In this article, guidelines and recommendations regarding the validation of high-fidelity multi-physics nuclear reactor models are discussed, along with a validation case study on the MPCMIV benchmark using MOOSE-based tools. In Section 2, a general background is provided on the validation of computer models before providing more details about recent developments in the field of nuclear engineering, which identifies the main ongoing challenges. Section 3 provides recommendations to address some of these challenges. Section 4 presents a demonstration case study on the MPCMIV benchmark. Finally, some general conclusions are drawn in Section 5, and future avenues of research are highlighted.
2 Background on validation of computer models
Verification and validation (V&V) have a long history that spans various engineering and philosophical domains. The operations and research scientific community was the first to formally discuss V&V, laying the foundation for the terminology and definitions still in use today. A brief history of V&V can be found in Sargent and Balci (2017) and Oberkampf and Roy (2010). In the former, the evolution of V&V activities is divided into three main eras: “early” (before 1970), “awareness” (up to 1990), and “modern” (up to today).

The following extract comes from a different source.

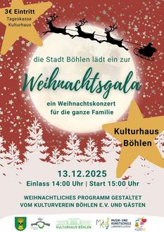 Am 13.12.2025 versetzt der Kulturverein Böhlen e.V. mit seinen Gästen uns alle wieder in puren Weihnachtszauber, denn es steht die Weihnachtsgala der Stadt Böhlen im Kulturhaus an. Das Konzert für die ganze Familie beginnt 15:00 Uhr, der Einlass ist ab 14:00 Uhr.

During the early era, some initial attempts at V&V emerged in the scientific community, but the lack of consistent terminology and definitions hindered systematic progress. More specifically in nuclear engineering, the design of nuclear systems relied predominantly on experimental data, from which simplified models were developed with large safety margins. The lack of advanced M&S capabilities, as well as limited computational resources, restricted the application of these models to support studies and analyses. Therefore, rigorous V&V was not of primary importance. A key contribution from this area was the recognition of the necessity of V&V for scientific models. Although specific methods or standards had not been established, important concepts were introduced, such as the use of experimental data for model validation.
The awareness era marked a significant rise in interest for V&V across various engineering communities. The construction of new nuclear reactors of increasing size led to the development of safety acceptance criteria and the first M&S guidelines (Rohatgi and Kaizer, 2020) for licensing purposes. This meant that models could be used to predict safety parameters, increasing their importance in the design and licensing of nuclear reactors. The models still relied on strong approximations, with a lot of empirical or semi-empirical modules tuned using relevant experimental data. The first systematic definitions were established in 1979 for model V&V by the Society for Computer Simulations (Schlesinger, 1979). Verification was defined as “substantiation that a computerized model represents a conceptual model within specified limits of accuracy,” while validation was defined as “substantiation that a computerized model, within its domain of applicability, possesses a satisfactory range of accuracy consistent with the intended application of the model.” Several key concepts previously discussed were combined to define an iterative model development process framework. The framework is built around the concepts of reality, the conceptual model, and the computerized model. “Reality” in this definition does not explicitly refer to experimental measurements but rather to the real system and scenario under investigation (e.g., control rod ejection in a nuclear reactor). The conceptual model consists of any abstraction used to represent the physical phenomena involved in the system under study into a mathematical model, typically expressed through equations and operators in the form of partial differential equations (PDEs). The computerized model is the implementation of the conceptual model on a computer using elements of numerical analysis and linear algebra. In this framework, verification is related to the evaluation of the model’s implementation by assessing the accuracy of the predictions of the computerized model compared to the conceptual model. Numerical errors, such as discretization and iterative error, are estimated during this evaluation. Validation is related to the evaluation of the model’s predictions against a referent of reality (e.g., expert opinion and measurements) for the intended application. The uncertainties in the model predictions and the referent of reality are part of this evaluation.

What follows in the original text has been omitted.